Le nouveau suivi

J’ai rencontré aujourd’hui la personne qui va s’occuper de mon suivi pour m’aider à gérer mes symptômes de stress post traumatique complexe. Elle est vraiment gentille et efficace et ça s’est bien passé. La conclusion de cette première rencontre n’a absolument pas été que le voisin serait un pauvre garçon innocent qui serait la victime de la grande méchante féministe que je suis, non. Mais plutôt que tout ce que j’ai vécu et ressenti pendant cette interminable année constitue une réaction absolument normale à une situation anormale avec un homme intrusif au comportement malsain relevant de l’intimidation. Le fait que j’aie été capable de maintenir mes activités pendant tout ce temps malgré la présence constante d’une menace dans mon environnement est une preuve de très grande force et non de faiblesse, comme un jugement superficiel sur comment ça m’a affectée pourrait le conclure. Je vais reprendre ma vie, un jour à la fois, parfois vite, parfois lentement.

J’ai au moins récupéré un tronçon de ma rue! C’est déjà ça. C’est possible qu’il y passe durant la nuit en se pensant intelligent, mais bon… s’il a autant de temps à perdre, ça le regarde et ça ne m’affectera pas, à part dans sa tête. Tout n’est pas réglé et je peux le croiser n’importe où dans le quartier, mais l’important c’est que je commence à retrouver un certain espace où je me sens en sécurité. D’abord mon chez moi, puis un peu de ma rue et la vie se chargera de m’aider, je pense, pour la suite. Chose certaine, je n’oublierai pas cette histoire pour de bien mauvaises et pénibles raisons. Elle m’a coûté beaucoup sur le plan de la santé mentale et physique. Elle a affecté toute ma vie. Celle des chiens aussi. Une autre chose que je sais de façon certaine, c’est qu’une personne qui sait qu’une autre personne souffre de CPTSD et qui s’amuse à faire peur à cette personne et à empirer son état, ce n’est clairement pas une personne qui va bien ni une personne avec qui ce serait une bonne idée d’avoir une relation. Je n’aimerai jamais cette personne et je ne voudrai jamais qu’elle fasse partie de ma vie. C’est une bonne chose que légalement cette personne n’ait plus le droit de s’approcher de moi ni de communiquer avec moi. Ça l’empêche un peu de me pourrir la vie.

Je ne trouve plus la source…

Des personnes me disent parfois que si ça m’affecte encore, ça veut dire que je suis sous emprise. Je ne le suis pas et je ne l’ai jamais été avec cette personne. Ma peur est juste une peur normale dans une situation anormale avec un homme qui se comporte de façon extrêmement malsaine et violente sur le plan psychologique.

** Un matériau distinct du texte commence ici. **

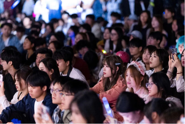 的文创礼品洛小科和洛小文,台下观众欢呼声此起彼伏,情绪高涨,青春的活力在此得到了充分释放。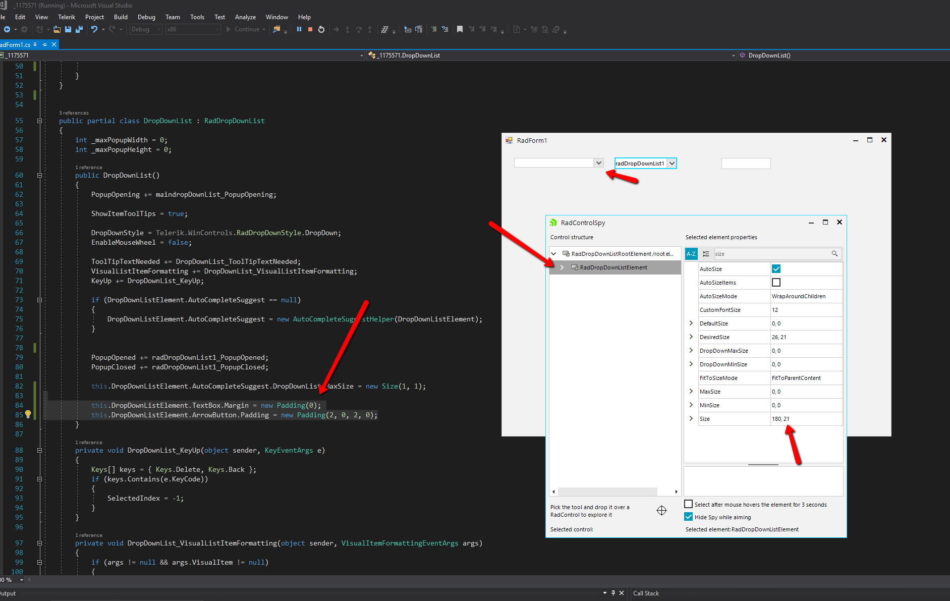 public DropDownList(){ PopupOpening += maindropDownList_PopupOpening; ShowItemToolTips = true; DropDownStyle = Telerik.WinControls.RadDropDownStyle.DropDown; EnableMouseWheel = false; ToolTipTextNeeded += DropDownList_ToolTipTextNeeded; VisualListItemFormatting += DropDownList_VisualListItemFormatting; KeyUp += DropDownList_KeyUp; if (DropDownListElement.AutoCompleteSuggest == null) { DropDownListElement.AutoCompleteSuggest = new AutoCompleteSuggestHelper(DropDownListElement); } PopupOpened += radDropDownList1_PopupOpened; PopupClosed += radDropDownList1_PopupClosed; this.DropDownListElement.AutoCompleteSuggest.DropDownList.MaxSize = new Size(1, 1);}Let me know how this works on your side.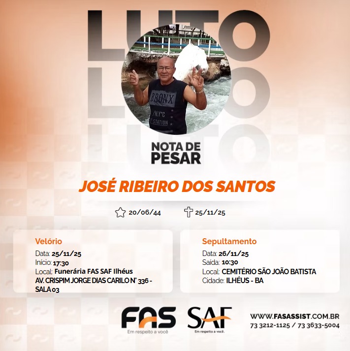 O Sindicato dos Bancários de Ilhéus, por meio de seu presidente, Rodrigo Cardoso, lamenta o falecimento de José Ribeiro Dos Santos, ocorrido na última terça-feira, 25 de novembro de 2025.

Si j’étais sous emprise, il arriverait à me manipuler, ce qui n’a jamais été le cas dès le premier jour de l’histoire.

J’ai trouvé ça sur le profil d’une connaissance aujourd’hui et ça m’a fait sourire.

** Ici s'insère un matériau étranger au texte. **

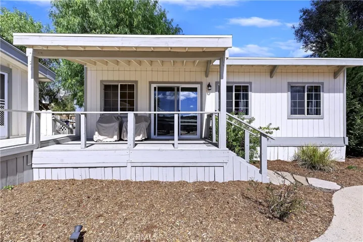 The home includes five spacious bedrooms, five baths, & an office. The luxurious primary suite features a cozy fireplace, wood-paneled ceiling, dual walk-in closets, & a spa-inspired bath with jacuzzi tub & large shower. Additional highlights include surround sound, plantation shutters, dual A/C units, & expansive covered patios for outdoor entertaining. A separate manufactured home offers 2 bedrooms, 2 baths, an office, covered patios, & enclosed

Je me suis reconnue. Je vais continuer ma route vers une plus belle vie. Ça reste quand même un peu fou de voir qu’une personne agit comme ça en se racontant qu’elle n’a pas de problème alors que j’ai besoin d’un double suivi thérapeutique pour me remettre de la marde qu’il m’a fait vivre. Mais tous les experts vous le diront: ce ne sont jamais les personnes qui ont les problèmes qui sont en thérapie. Ce sont celles qui subissent leurs problèmes qui ont besoin d’aide pour continuer à vivre parce que les personnes malsaines ne se remettent jamais en question.